Photo: Arne Dedert / dpa

The corona pandemic is making itself felt in the balance sheets of many companies: around 40 percent complain about a decline in their equity.

This is the result of a survey by the German Chamber of Commerce and Industry (DIHK) among 13,000 companies.

Around 27 percent are even struggling with liquidity bottlenecks - despite government aid.

Across all industries, every eleventh company is currently threatened with bankruptcy, 80 percent of which are smaller companies with fewer than 20 employees.

The DIHK also sees industrial companies hard hit, as they often have to make advance payments for cost-intensive products and high-tech investments.

"If the scope for pre-financing is too narrow in the current situation, there is a risk that companies will have to struggle to survive even despite the existing demand for their products," writes the organization.

In addition, the bottleneck restricts new investments in the upswing phase.

It would help many companies if they could offset the current losses more than before with profits from previous years, according to the DIHK.

In addition, a special fund could be created for companies with sales of 10 to 50 million euros.

State funds could flow into it, but also funds from private investors.

German companies are expecting an uncomfortable autumn

Despite the prospect of rapid vaccinations against the corona virus, the business climate in German companies had recently clouded over.

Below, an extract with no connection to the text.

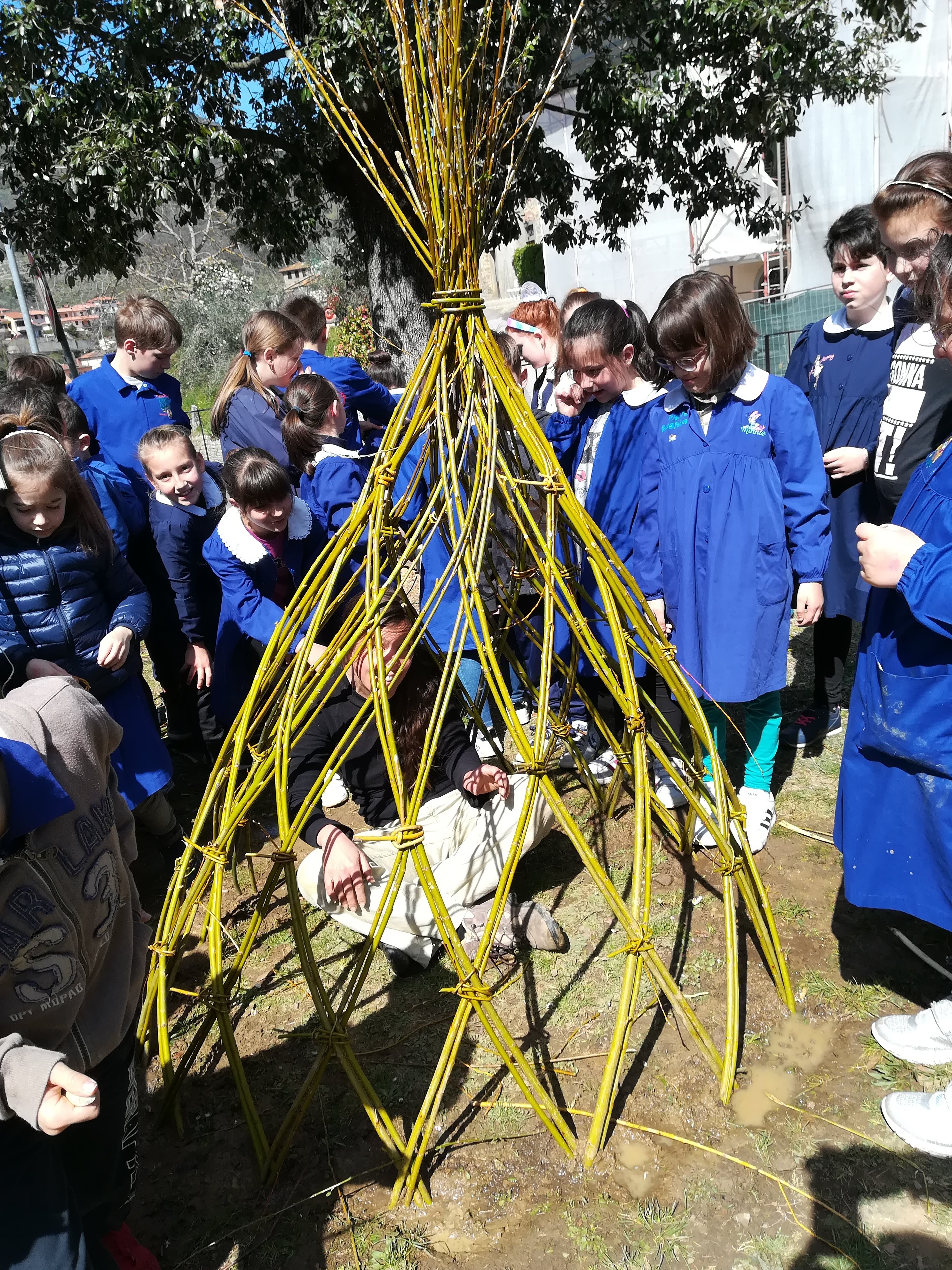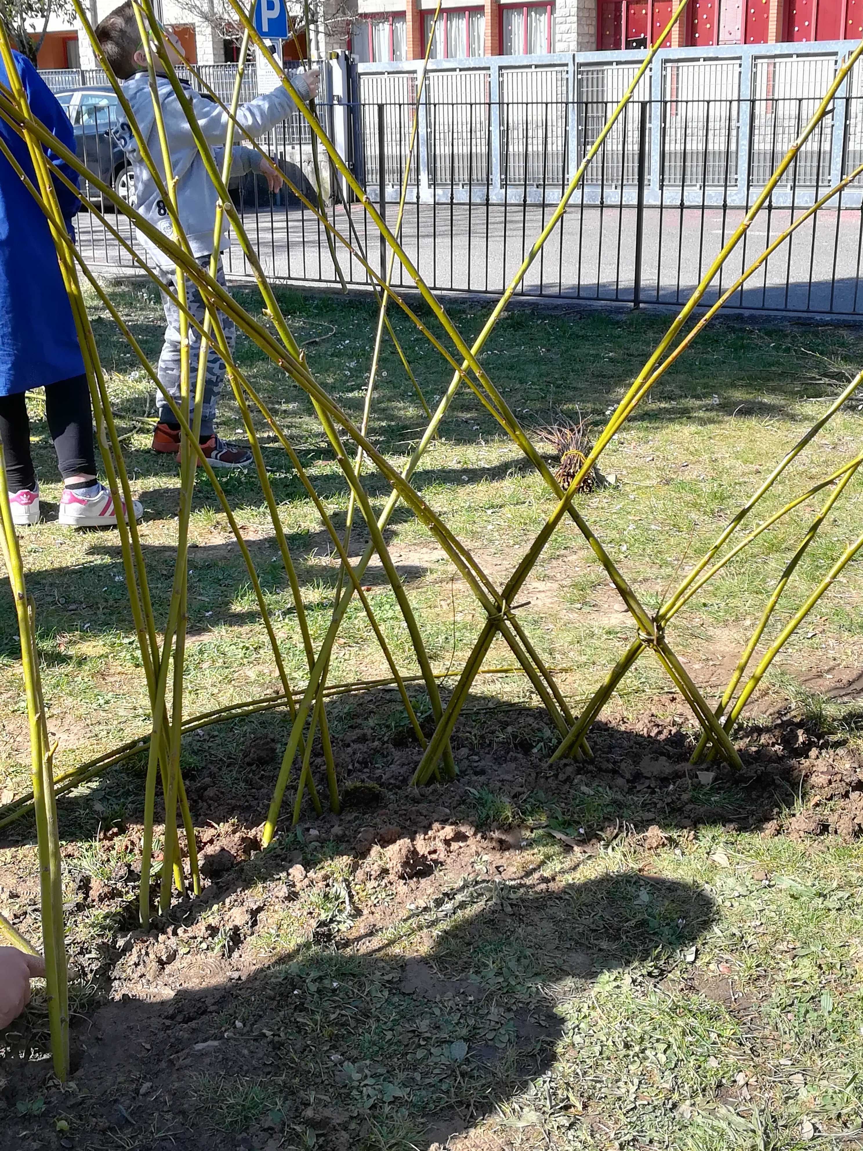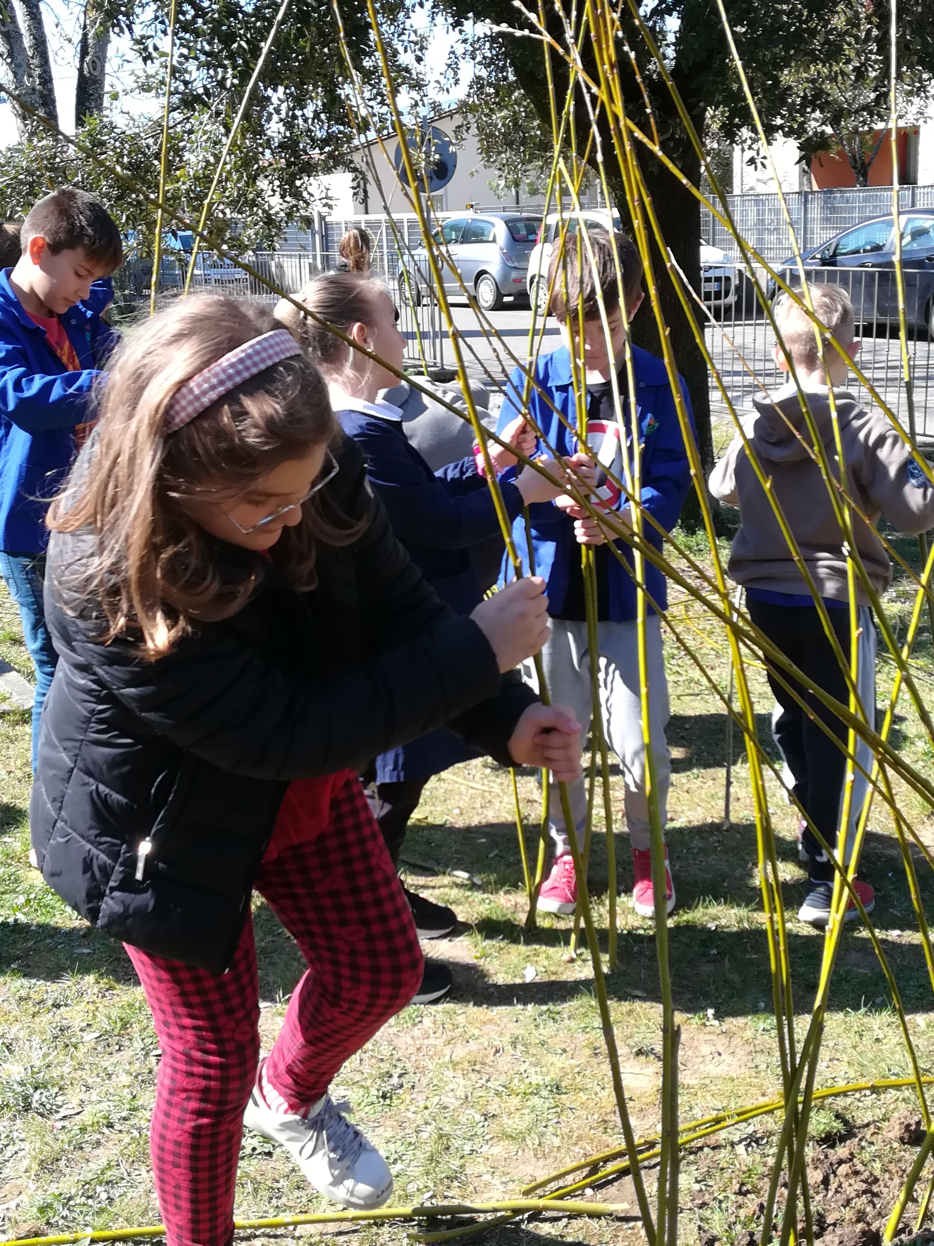 Venerdì 29 marzo abbiamo costruito una capanna vivente nei giardini pubblici, davanti alla nostra scuola. Con noi c’era la nostra esperta Dorothée che ci ha insegnato passo per passo come dovevamo procedere. Abbiamo lavorato in piccoli gruppi. Per prima cosa abbiamo scavato un cerchio nel terreno, avendo cura di togliere i sassi che via via trovavamo. Abbiamo annaffiato bene la circonferenza e poi l’abbiamo ricoperta con la terra. Di seguito abbiamo separato i rami di salcio: li abbiamo classificati secondo quattro lunghezze, dal più grande al più piccolo. Abbiamo tagliato la base dai rami in senso obliquo, per poterli piantare con maggiore facilità e per far crescere meglio le radici. Dopo abbiamo iniziato a piantare e intrecciare i rami nella forma che avevamo preparato. Intrecciare i rami è stato piuttosto difficile; occorreva concentrazione e abilità. Ad ogni incrocio bisognava fare un nodo (per legare si usa un ramo piccolo). Quando abbiamo finito l’intreccio, abbiamo legato insieme tutti i rami per chiudere la parte superiore. Naturalmente abbiamo lasciato lo spazio per entrare. Abbiamo nuovamente annaffiato, perché presto nasceranno le radici e le foglie. Siccome la capanna ha bisogno di molta umidità faremo la pacciamatura e l’annaffieremo periodicamente. Ci siamo divertiti e non vediamo l’ora di giocare tra le foglie della capanna vivente.

The Ifo business climate index fell in November to 90.7 points from 92.5 points in the previous month, as the Munich Institute announced.

The managers were thus far more pessimistic about the outlook for their businesses.

"The second Corona wave interrupted the recovery of the German economy," said Ifo President Clemens Fuest.

The German economy had recently recovered after the Corona kink in the spring and grew by 8.5 percent in the third quarter.

The economy is now threatened with a new setback due to the foreseeable extension of the shutdown into December.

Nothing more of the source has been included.